Nestas polémicas com a educação o que preocupa é que todas as partes são más. Os alunos querem balda, claro, mas faz parte da imaturidade expectável e não se lhes deve levar a mal por isso (já os pais que os deixam fazer manifestações a favor do laxismo mereceriam um correctivo). O Ministério da Educação é uma organização mastodôntica com o objectivo de gerir professores e equipamentos escolares e de dar guarida a uma troupe de pedagogos vanguardistas que a cada par de anos acham que devem reinventar o ensino (apesar de eu não ver nada de vicioso com a formação que terminei há 17 anos, do que oiço, agora os educandos têm disciplinas e anos totalmente diferentes); é demasiado grande, engana-se demasiadas vezes e tudo é sempre encoberto; o interesse dos alunos é a última das preocupações e, numa alínea deste item, a educação dos alunos é absolutamente irrelevante (interessa, sobretudo, manter os potenciais delinquentes dentro das escolas e não reprovar ninguém para não ficarmos mal nas estatísticas).
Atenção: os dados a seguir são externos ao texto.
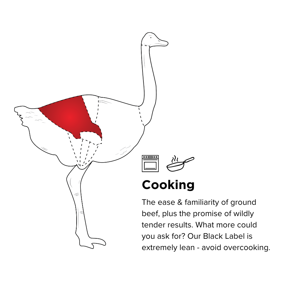 Black Label Ground tends to be juicier, more delicately textured, and more savory than our standard ground ostrich steak. Despite its indulgent taste, Black Label Ground Ostrich Meat is lean, low in fat, and high in protein. Healthy eating never tasted so good.

Os professores (há, claro, excepções; e sim, são excepções; se fossem a maioria não seguiriam em bloco comportamentos profundamente lesivos para os alunos) protestam, mas depressa perdem a razão. A avaliação proposta pelo ME é, como se esperaria, mal feita e têm os professores razão para protestar e manifestarem-se – mas não me venham com a história de não estarem contra a avaliação, que os professores não são diferentes dos outros mortais e claro que um mau professor, preguiçoso e sem paciência para os alunos, está tão a favor da avaliação como eu da bomba nuclear no Irão. Contudo, qualquer professor que prejudique a aprendizagem e avaliação de alunos enquanto procura beneficiar a sua carreira não é digno da profissão que exerce e não merece a solidariedade da sociedade. As notícias de que os professores se preparam para não dar notas no fim do primeiro período são vergonhosas; os professores devem ter os alunos como prioridade, mesmo quando o ME não os tem.

Nesta notícia do DN, o PM mostra uma vez mais que governa sem sequer saber as leis que balizam o seu executivo. É por coisas destas que o caso dos cigarros no avião foi significativo.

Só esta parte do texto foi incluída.